Many would say an enthusiastic "yes."
Since its conception in 1997, TransGender Michigan has worked to provide services, support and education not only to the transgender community, but to the rest of the gay community and its allies. Under Crandall's tutelage, the nonprofit organization has worked to educate the community at large, to advocate for equal rights and, as they say on their Web site, http://www.transgendermichigan.org, "to combat oppression in all of its forms." TransGender Michigan offers a calendar of events for LGBT people on their Web site, a list of trans-friendly organizations and businesses, educational resources, historical background on transgender issues and networking opportunities. They even offer a page of their site dedicated to the listing of housing options that are trans-friendly.
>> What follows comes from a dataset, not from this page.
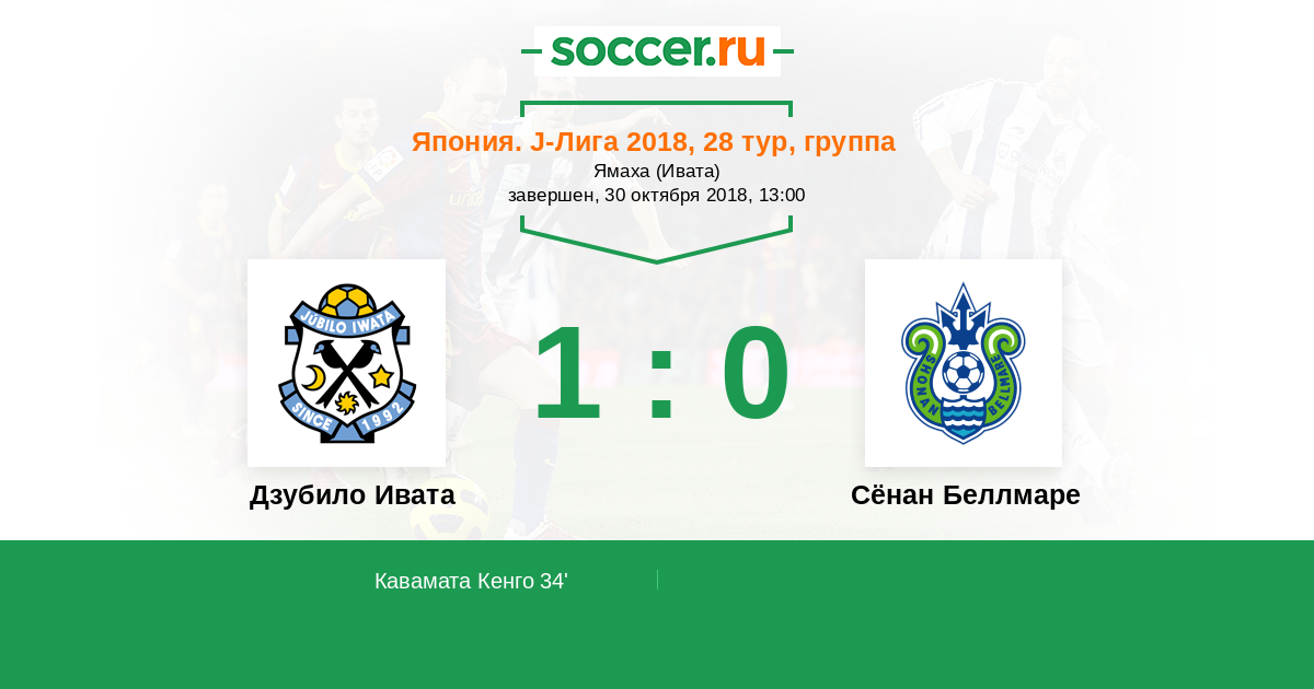Протокол матча Дзубило Ивата против Сёнан Беллмаре

Still, Crandall said she never thought that beginning the organization would lead her to being awarded. Her reasons for beginning TransGender Michigan were much more personal. "I was just really trying to bring the communities together and make it so people wouldn't have to be so lonely," she explained. "When I came out, I was so lonely and I lost everything in my life."
And just as she has changed the lives of many transgender people in Michigan, Crandall said that the whole experience has changed her in positive ways – celebrated, soon, by her reception of the Liberty Bell Award. "Before I came out, I really wasn't a leader," she said. "Ever since I came out, I've been more of a leader and I think that this award is really the pinnacle of that."
More than just a commemoration of how far she has come, however, Crandall believes that the presentation of the award to a transgender person shows a greater acceptance on all LGBT people. "The reason that I created TransGender Michigan was to try to bring together not only the trans community, but the whole LGBT community," she explained. "I think that this is an example that it's worked because this award isn't only recognizing me as a transgender person…it's recognizing me as a person who has done things to earn it. That's why I'm even more flattered than when I won other LGBT awards because this is an award that, most of the time is won by straight people.
"I think it shows not only an acceptance of the transgender community, but an acceptance of the gay community altogether."
Crandall hopes that it's also a sign of future acceptance of the transgender community that reaches even further into society. She dreams of a future where all LGBT people has equal rights – and is optimistic about that dream becoming a reality. "I think (the future) looks good," she said. "…but, you know, where there's a little good there's usually also a little bad. That's what I found out about life. I think that things are so much better.
"…but we can't expect that things will be handed to us. We have to go out and fight for them."